In a hard line speech on immigration today David Cameron will also announce plans to lengthen the time that couples have to be together before they can settle in this country.

Mr Cameron is expected to announce the partial results of a Government inquiry which found that 70 per cent of UK-based sponsors had post-tax earnings of less than £20,000 a year. He will say that current levels of earning are not enough to ensure that married immigrants will not become dependent on benefits: "We need to make sure – for their sake as well as ours – that those who come (to Britain)... have the resources they need to live here and make a contribution here – not just to scrape by, or worse, to subsist on benefit.

"And we're going to look at further measures to ensure financial independence: discounting promises of support from family and friends, and whether a financial bond would be appropriate in some cases."

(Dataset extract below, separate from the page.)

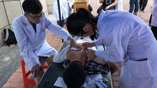 正值鸭脖举办第二十九届校运会,几位刚刚结束激烈长跑的运动员来到我们的活动场地进行全身按摩。15级的学长给针协的同学们做了示范,经过学长的指导,同学们的按摩手法进步很大,运动员们一致表示很享受同学们的按摩。除了手法按摩,我们还提供了拔罐、刮痧和量血压等义诊项目,还有针刺加艾灸,两者合用,消瘀散结,温通筋脉,效果极佳,能够帮助剧烈运动后的同学们疏通筋脉。

Mr Cameron will also announce new measures to cut back on "sham" marriages. He will cite the case of a Pakistani national who applied for a spouse visa on the basis of his marriage to someone settled in the UK. The man obtained indefinite leave to remain but then divorced his UK-based spouse and returned to Pakistan, re-married and then applied for entry clearance for his new spouse.

"We simply cannot sit back and allow the system to be abused in this way," he will say. "So we will make migrants wait longer, to show they are in a genuine relationship before they can get settlement. And we'll also impose stricter, clearer tests on the genuineness of a relationship, including the ability to speak the same language and to know each other's circumstances." Mr Cameron will also announce that he intends to look at new measures to crack down on forced marriage – including the possibility of making it a specific offence to force someone to marry, describing forced marriage as "little more than slavery".